Hi Sebastien and Ronen, great to have you for this interview. "Small language model" (SLM) is a new term but already actively adopted. What was the intuition behind the approach you took in "Textbooks Are All You Need"? Can you walk us through your thinking process during the research phase? 

Sébastien Bubeck: On the heels of the ‘“Sparks of AGI” paper we decided that to “understand” what’s happening in LLMs we had to try to build our own version. Of course, at the time we had no experience whatsoever in training those large transformers, and we hadn’t much data to use to get started, and as we had just learned in Sparks it was probably going to be difficult to evaluate whatever LLM we train (the zoo of academic benchmarks looked daunting at the time...). So what did we do? Well, we simply decide to narrow the scope as much as possible: we picked coding as a target, because there was an existing large dataset (The Stack), a simple and reasonable evaluation metric (HumanEval by OpenAI), and it was already shown that reasonably small networks with ~1B parameters could do a reasonable job at this. So at that point we had a clear goal: get a HumanEval score as high as possible with a SLM and just the couple dozen GPUs we had access to. The latter constraint was key too, it meant we had to restrict our data in some ways.
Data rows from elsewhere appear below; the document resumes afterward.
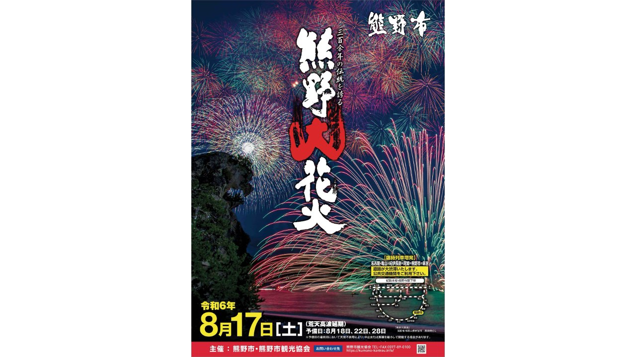 市内の事業者様をはじめ、熊野大花火大会にご支援いただいている皆さまに掲示のご協力をいただき、機運醸成を図ってまいりたいと考えております。
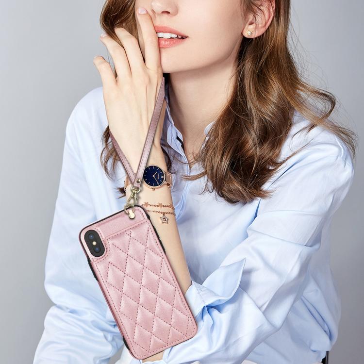 Estuche para Teléfono Rombal iPhone X/Xs Ranuras Tarjetas Hebilla Doble con Cordón (Oro Rosa)
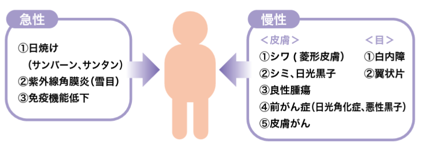 出所)環境省「保健・化学物質対策>環境保健に関する調査・研究>紫外線環境保健マニュアル2008>第2章 紫外線による健康影響」
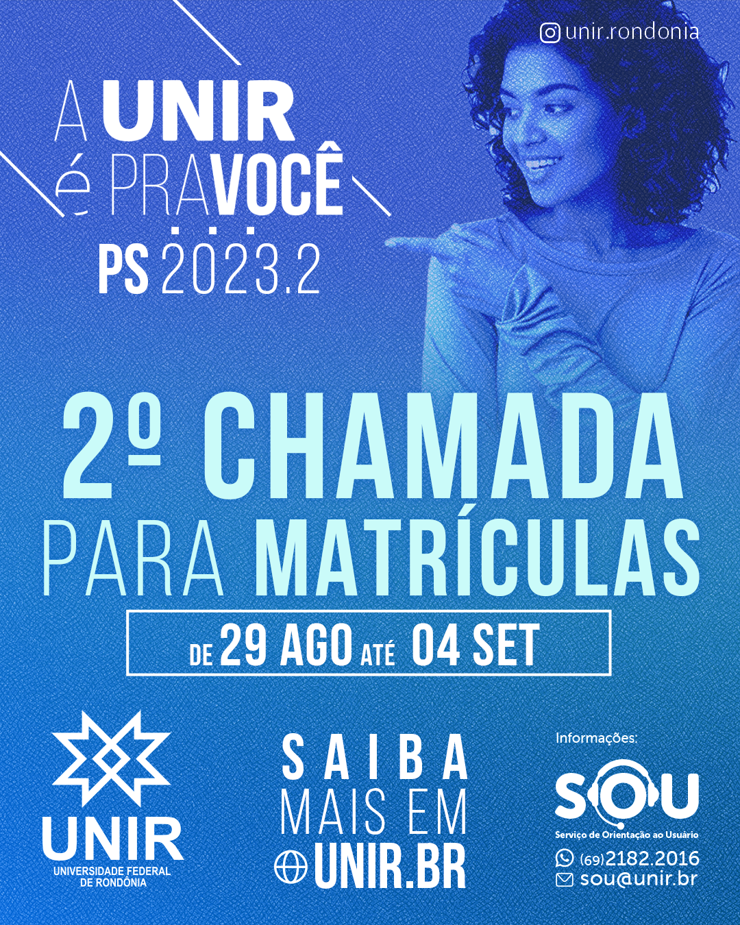 SOU-Serviço de Orientação ao Usuário – Mais informações sobre o PS UNIR 2023, e mesmo auxílios para as matrículas, podem ser obtidos por meio do Serviço de Orientação ao Usuário, o SOU UNIR. Para isso podem ser enviados e-mails para o endereço sou@unir.br ou mensagens por WhatsApp para o número (69) 2182-2016. Além disso, aqui é possível encontrar uma relação de contatos com cada uma das unidades da UNIR em que estão sendo oferecidas vagas no PS UNIR 2023.

Then naturally came the idea of filtering The Stack to keep only “educational content” (as defined by GPT-4 which was doing the filtering!) as well as writing “synthetic Textbooks” to further diversify the data we expose our model to. This whole project took merely a month, and it was incredibly exhilarating because every week we would get +10% on HumanEval! After a month we reached 50% and decided to call it a victory at that point 😊. Then the next question became: can this approach be used beyond a narrow domain such as coding? That’s when we embarked on common sense reasoning with phi-1.5, and then simply general cognitive ability with phi-2 and eventually phi-3!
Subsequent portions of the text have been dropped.